*** SUPPLIED MATERIAL ***

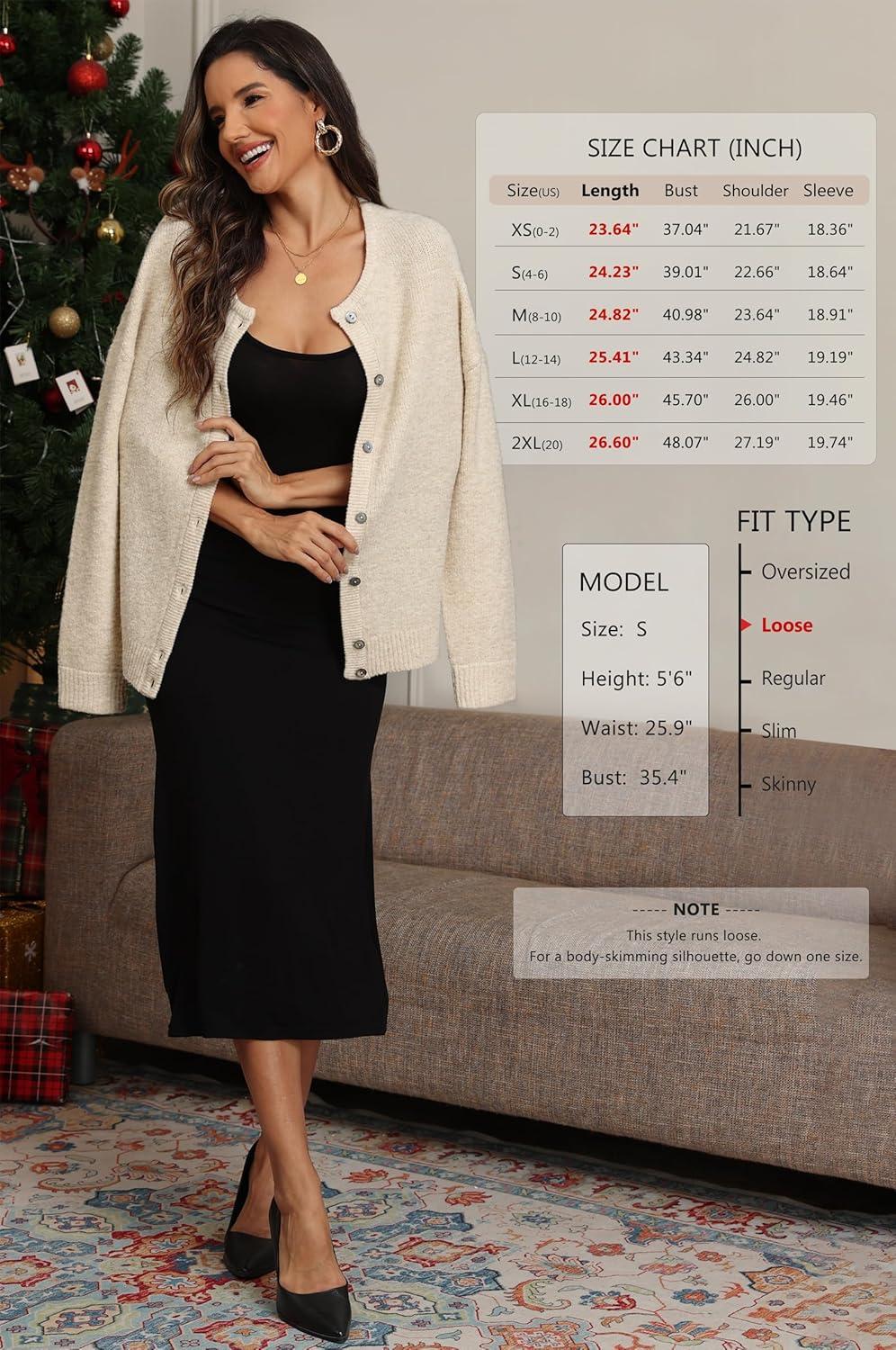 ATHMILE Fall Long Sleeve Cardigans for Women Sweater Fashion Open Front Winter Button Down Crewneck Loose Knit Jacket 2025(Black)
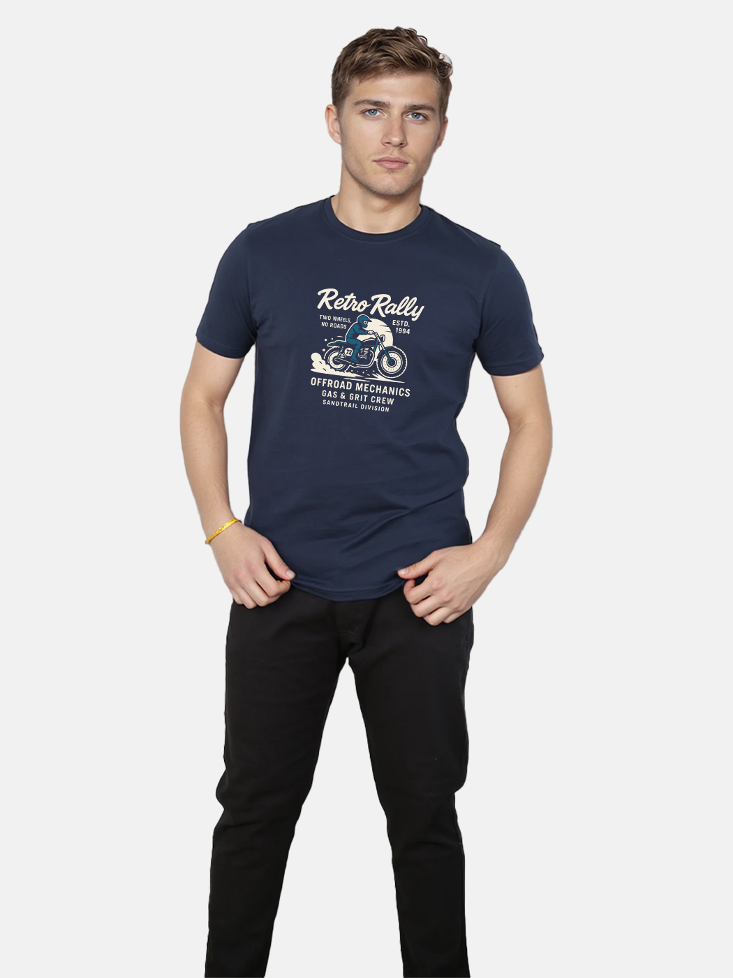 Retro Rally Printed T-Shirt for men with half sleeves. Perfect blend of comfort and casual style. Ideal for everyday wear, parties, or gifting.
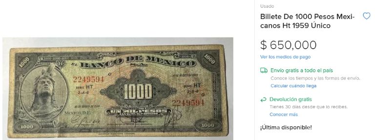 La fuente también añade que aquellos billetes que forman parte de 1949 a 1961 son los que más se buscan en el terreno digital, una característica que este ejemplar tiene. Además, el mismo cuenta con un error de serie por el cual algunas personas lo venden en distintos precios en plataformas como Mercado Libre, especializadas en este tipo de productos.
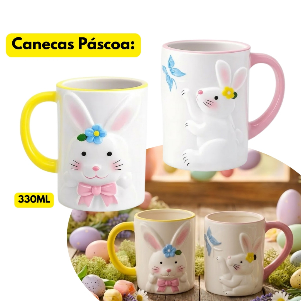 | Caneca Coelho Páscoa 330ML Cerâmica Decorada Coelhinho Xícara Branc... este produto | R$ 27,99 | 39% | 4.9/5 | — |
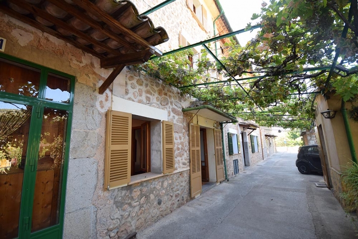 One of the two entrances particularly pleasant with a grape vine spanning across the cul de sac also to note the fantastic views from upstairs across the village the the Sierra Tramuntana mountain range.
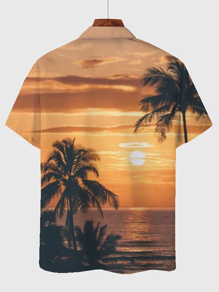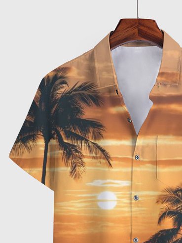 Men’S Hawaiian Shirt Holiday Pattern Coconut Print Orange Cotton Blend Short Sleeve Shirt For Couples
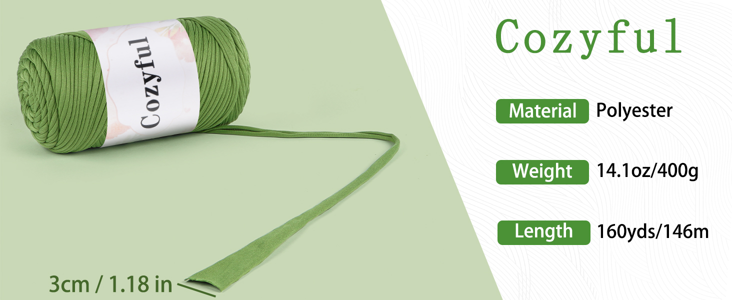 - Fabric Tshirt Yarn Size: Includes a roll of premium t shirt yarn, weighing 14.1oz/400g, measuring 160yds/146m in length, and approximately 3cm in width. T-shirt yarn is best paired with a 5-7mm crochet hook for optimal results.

*** End of SUPPLIED MATERIAL ***
*** SUPPLIED MATERIAL ***

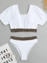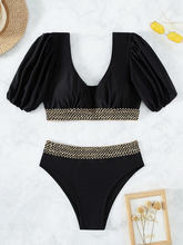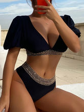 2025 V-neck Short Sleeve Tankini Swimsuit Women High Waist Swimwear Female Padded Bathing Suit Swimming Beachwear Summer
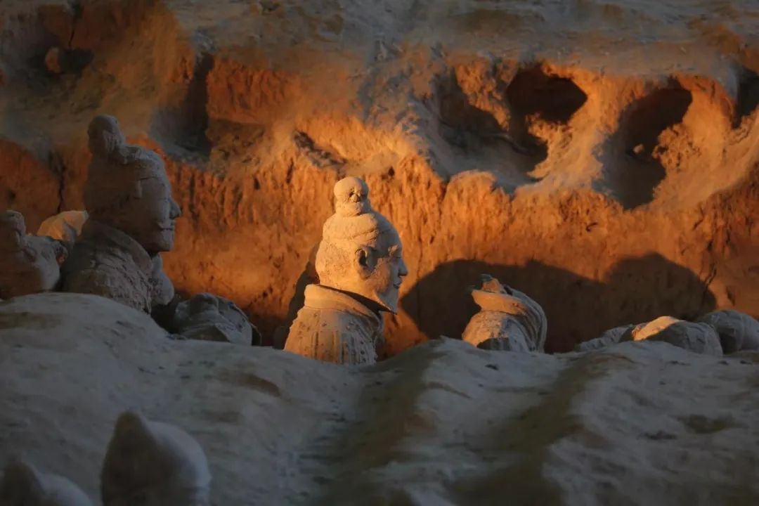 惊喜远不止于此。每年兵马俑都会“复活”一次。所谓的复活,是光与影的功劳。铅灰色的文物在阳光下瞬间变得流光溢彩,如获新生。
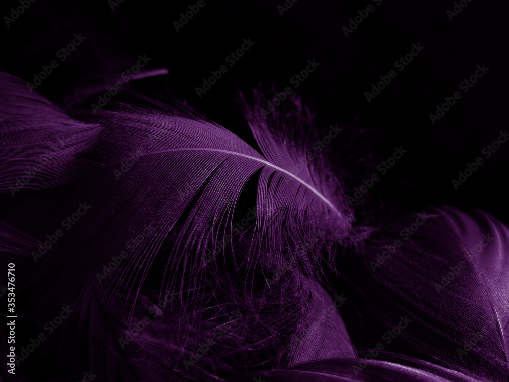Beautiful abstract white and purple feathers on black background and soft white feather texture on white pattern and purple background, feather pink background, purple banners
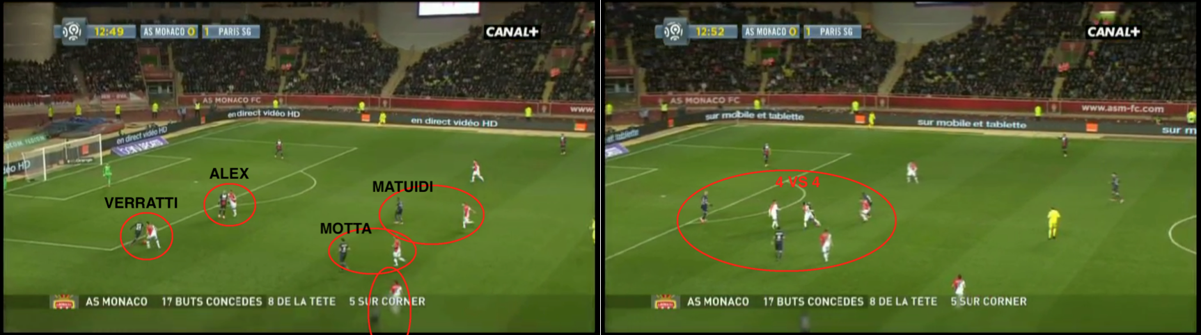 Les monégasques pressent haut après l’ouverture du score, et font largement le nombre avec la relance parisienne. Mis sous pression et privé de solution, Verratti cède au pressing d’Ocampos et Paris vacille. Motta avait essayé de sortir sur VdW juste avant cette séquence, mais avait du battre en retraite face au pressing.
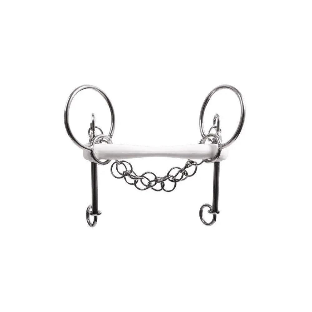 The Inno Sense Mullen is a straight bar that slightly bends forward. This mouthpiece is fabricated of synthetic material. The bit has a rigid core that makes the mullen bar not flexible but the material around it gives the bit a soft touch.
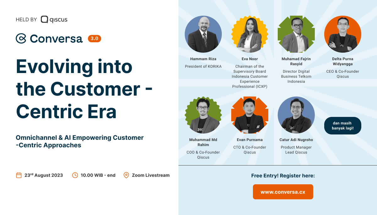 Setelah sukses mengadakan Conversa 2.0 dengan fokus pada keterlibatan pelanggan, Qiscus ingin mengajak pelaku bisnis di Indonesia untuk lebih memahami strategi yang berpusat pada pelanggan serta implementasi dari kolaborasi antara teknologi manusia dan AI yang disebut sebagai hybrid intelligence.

*** End of SUPPLIED MATERIAL ***
*** SUPPLIED MATERIAL ***

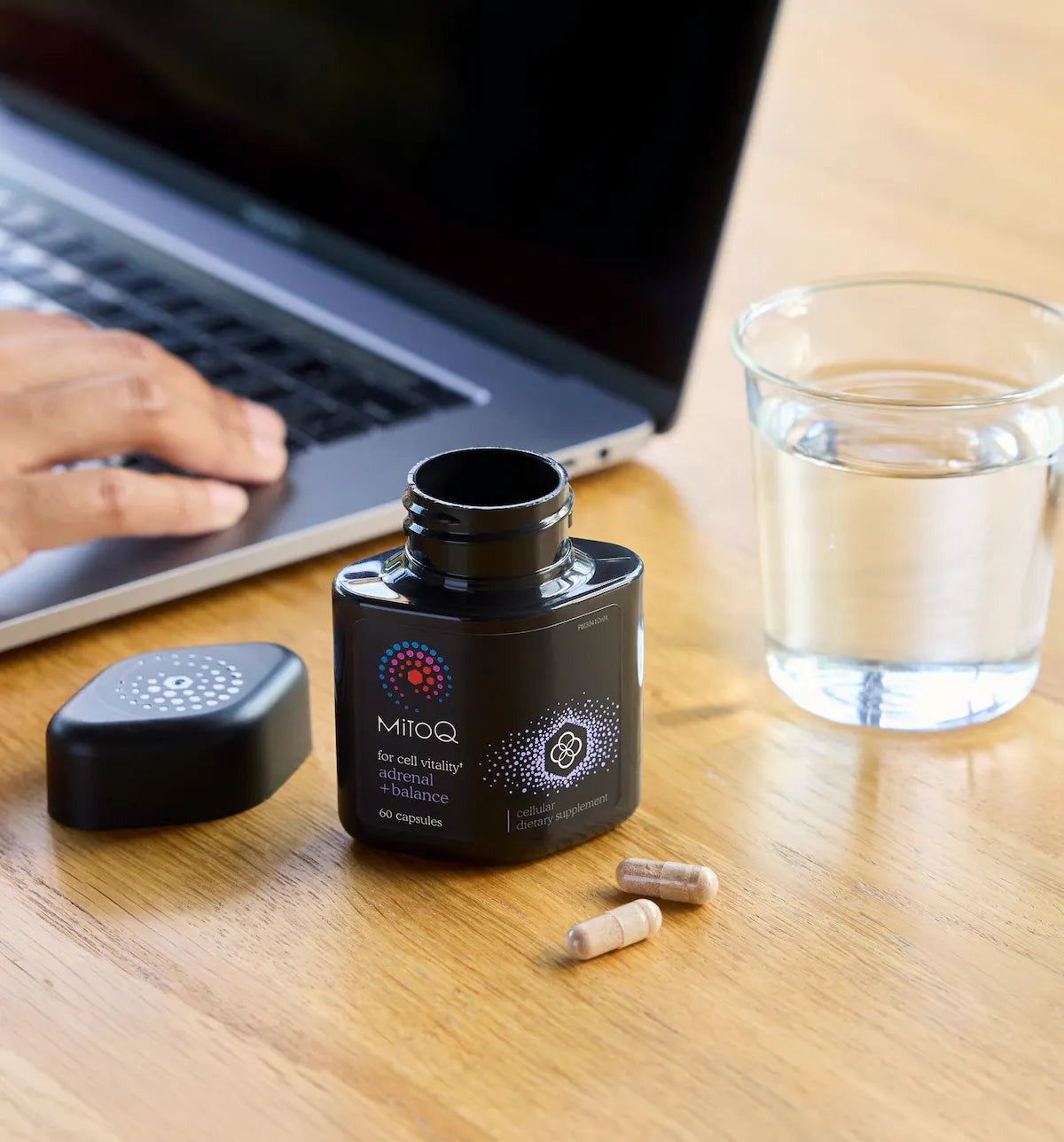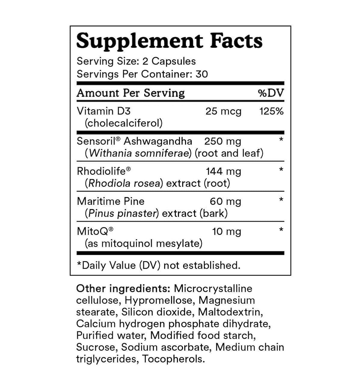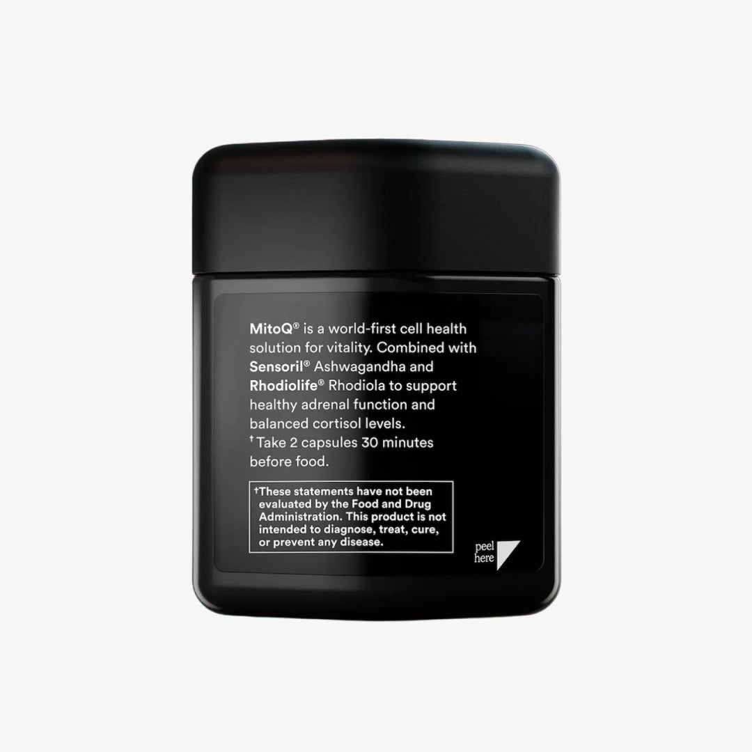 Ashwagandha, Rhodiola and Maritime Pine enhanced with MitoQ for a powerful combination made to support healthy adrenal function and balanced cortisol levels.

*** End of SUPPLIED MATERIAL ***

HOW TO COMPLETE THIS TASK: Look through the listing above for the line with "ATHMILE Fall Long" and the line with "Retro Rally Printed". Write out exactly those lines and everything between, leaving out pictures.

RESPONSE BOX:
 ATHMILE Fall Long Sleeve Cardigans for Women Sweater Fashion Open Front Winter Button Down Crewneck Loose Knit Jacket 2025(Black)
 Retro Rally Printed T-Shirt for men with half sleeves. Perfect blend of comfort and casual style. Ideal for everyday wear, parties, or gifting.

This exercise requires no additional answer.